Simone Gbagbo est actuellement dans le box des accusés devant la cour d’Assises depuis le 31 mai denier. Accusée de « crimes de guerre » et « crimes contre l’humanité », la responsabilité de l’ex-première dame transparait difficilement dans les différents témoignages. D’où la colère exprimée par son avocat sur RFI.

Simone Gbagbo, une responsabilité fictive ?

Le procès en Assises de Simone Gbagbo se poursuit sans que les témoins de l’accusation ne puissent établir sa responsabilité. En effet, tous les témoignages recueillis jusque-là sont frappés d’une certaine incohérence au point de susciter une crédibilité douteuse. Aussi, Me Rodrigue Dadjé est monté au créneau pour dénoncer ces témoignages fantoches : « Effectivement, on a ces 28 témoignages, mais c’est généralement des gens qui viennent vous dire : « J’ai été victime d’une blessure par arme à feu, par grenade ou par obus.  » Généralement, ils ne savent d’où viennent les tirs, ni de qui viennent ces tirs.
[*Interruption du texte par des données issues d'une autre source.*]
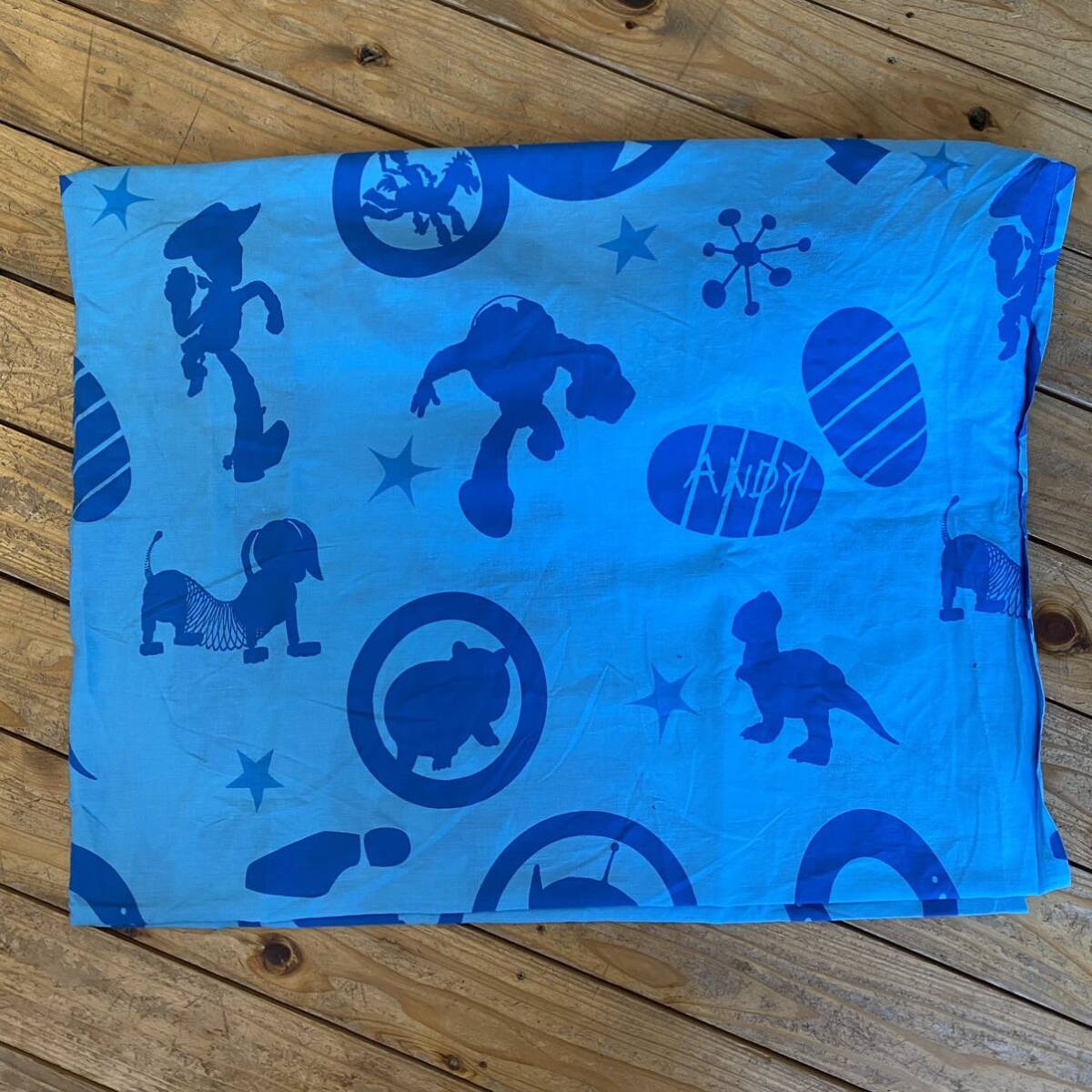 - USAヴィンテージ ベッドシーツ トイストーリー TOY STORY リメイク生地 素材 ボックスシーツ アメリカ仕入 ブルー 影絵 シルエット B2225

Ils déduisent simplement que ces personnes auraient commis ces actes-là, envoyées par madame Gbagbo. »

Pour des faits graves de « crimes de guerre » et « crimes contre l’humanité » à elle reprochés, il serait convenable, selon son avocat, d’établir avec certitude la responsabilité de sa cliente. Mais les accusations déductives des témoins à charge ne seraient pas de nature à éclairer les lanternes de l’opinion sur le véritable rôle joué par Simone Ehivet Gbagbo lors de la crise postélectorale. Ainsi, Me Dadjé traduit toute son ire quant à la détention de sa cliente : « Ils n’ont jamais vu madame Gbagbo avec ces personnes, et ils ne l’ont jamais vu leur donner des ordres. » Puis, il ajoute : « Madame Gbagbo est poursuivie, non pour crime, mais pour avoir donné des ordres. Si la preuve des ordres n’est pas rapportée, ma cliente peut rentrer chez elle tout simplement. »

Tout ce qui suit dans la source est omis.